McLerran added that he has been advised against making too many public statements, on account of the federal lawsuit currently in its discovery phase. The EPA has also been temporarily ordered by the judge against taking further action toward finalizing its preemptive restrictions in the Bristol Bay watershed.

The OIG evaluation, undertaken in May 2014, looked into whether McLerran’s staff had acted within EPA’s program guidelines, specifically between Jan. 1, 2008 and May 18, 2012. OIG staff interviewed more than two dozen people involved, but focused primarily on a keyword search of 8,352 emails of just three people:  McLerran, who is Obama’s appointee to the office; Nancy Stoner, EPA’s former Acting Assistant Administrator for Water; and Phil North, the EPA ecologist who has since retired (and disappeared).
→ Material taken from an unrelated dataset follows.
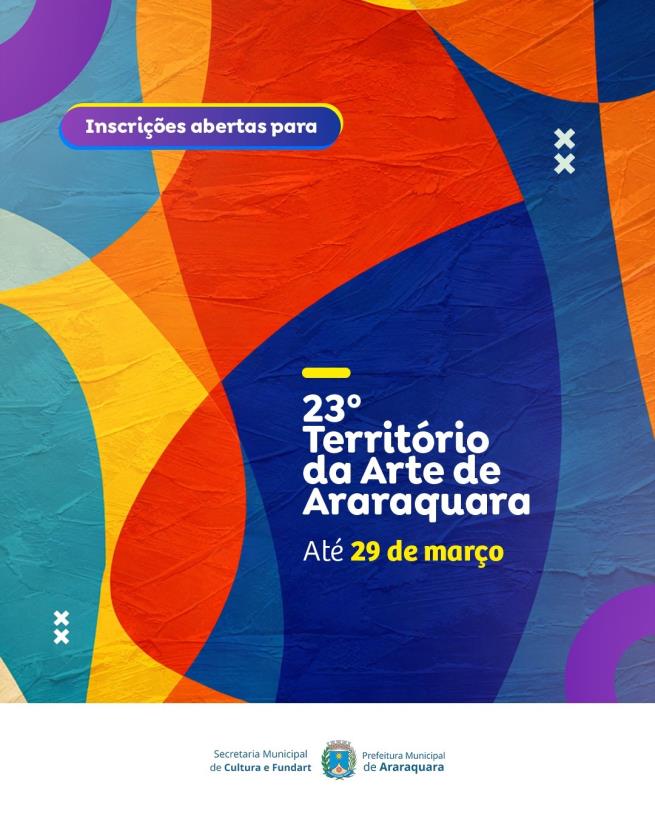 Estão abertas as inscrições de obras ou projetos em Artes Visuais para artistas e coletivos interessados em expor seus trabalhos na 23ª edição do Território da Arte de Araraquara. O edital da Secretaria Municipal de Cultura e Fundart já está disponível no site da Prefeitura de Araraquara, na aba “Editais da Cultura” e as inscrições podem ser realizadas até o dia 29 de março.

Pebble, which sent more than a dozen letters and hundreds of pages of documents to EPA’s Inspector General since the evaluation began, was quick to call it an “incredibly narrow investigation.”

McLerran disagrees.

“They did a very robust review of the communications back and forth, the correspondence, they did interviews, they looked at emails from a wide array of EPA employees and other folks including folks outside of EPA,” he said.

“Given the serious issues that were raised here, the report was laughable,” said Pebble CEO Tom Collier on Wednesday morning. Collier has decades of Washington, D.C., experience in and out of government, and said he was disappointed not only in the findings, but also in EPA’s OIG.
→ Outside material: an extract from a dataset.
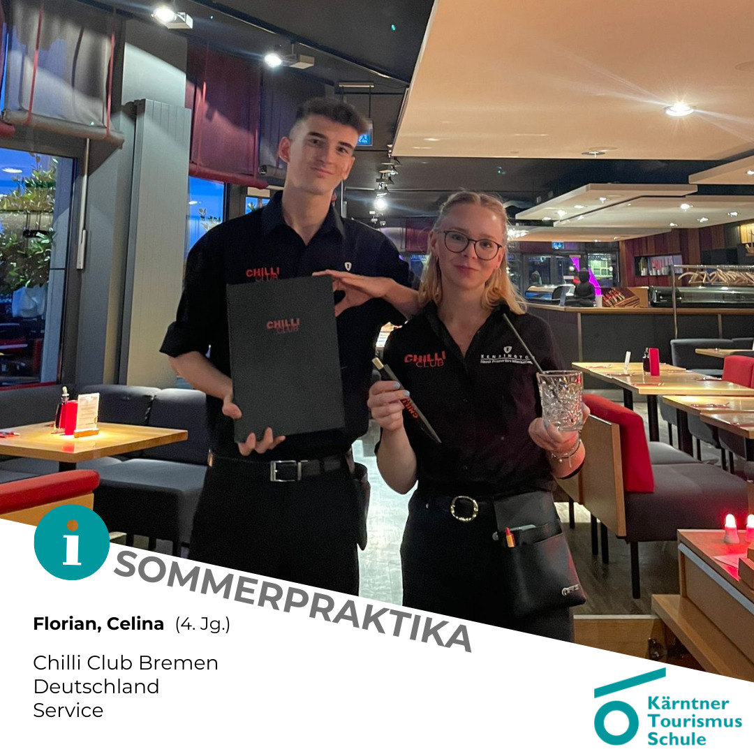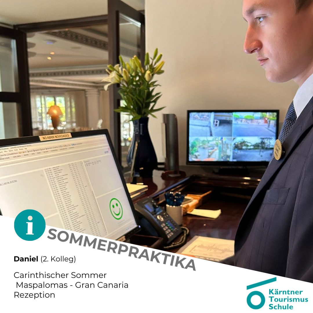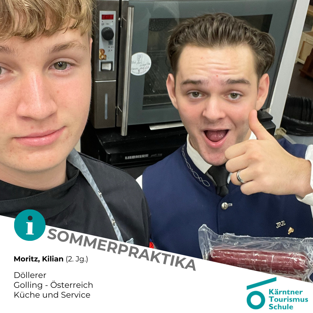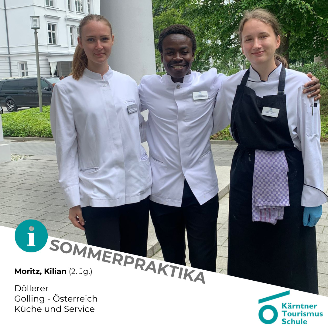 - Nicolas, Florian und Julian (3. Jg.) absolvieren ihr Praktikum im Parkhotel Pörtschach am Wörthersee. Nicolas (zum 2. Mal) im Service und Hotelmanagement (Direktion, Marketing und HR). Florian und Julian in der Hotelküche und im Beachclub.

“To be only 30-something pages long, to not cite any of the really significant documents, it’s an outrage,” he said. “I don’t know what happened here, in this instance, but this report is clearly a whitewash, and I think it’s an embarrassment to IGs on good reputation around the country and at other agencies.”

The OIG’s report wasn’t all praise for EPA’s efforts. It cites problems with Phil North, including his role in helping draft the 2010 letter from Bristol Bay area tribes requesting EPA’s intervention. The report is also critical of North’s use of a personal email account for government business. His personal emails were not turned over to OIG, despite a subpoena. Plus, 25 months worth of his government emails through the 52-month period under evaluation are gone, allegedly erased when his computer hard drive crashed. North was interviewed once by OIG, near the start of the process, but ignored further requests and ultimately a subpoena.

Pebble, and federal court Judge H. Russell Holland, believe North was central to EPA’s intervention. McLerran said that’s not the case. “I want to be very clear, Phil North was not a central figure on this. I was a central figure, our Office of Research and Development scientists were central on this, the independent peer reviewers were central on this.” McLerran said the decision to initiate a 404c process was his to make, in consultation with EPA headquarters.

Pebble has put together a long paper trail documenting North’s involvement, which has so far been enough to convince Judge Holland to subpoena him to appear for deposition. North left the U.S. after retirement, and has ignored requests subpoenas and requests for information from Holland, Congressional committees, and EPA’s OIG. He is believed to be living in Australia or New Zealand.

“You know, I’m not surprised that Dennis McLerran, in order to save EPA’s decision, is throwing poor Mr. North under the bus,” said Collier. “It’s outrageous that that would be happening at EPA, but I guess that’s the only way they can defend their outrageous conduct here.”

The OIG’s findings were well received by supporters of EPA’s work to block development of Pebble. It’s been a while since that process has seen any progress or had any good news. What difference the report will make at this point, like the Cohen report before it, is unclear. Right now the outcome of the agency’s efforts seem destined to be decided in federal court, in Congress, or perhaps in the hands of the next administration.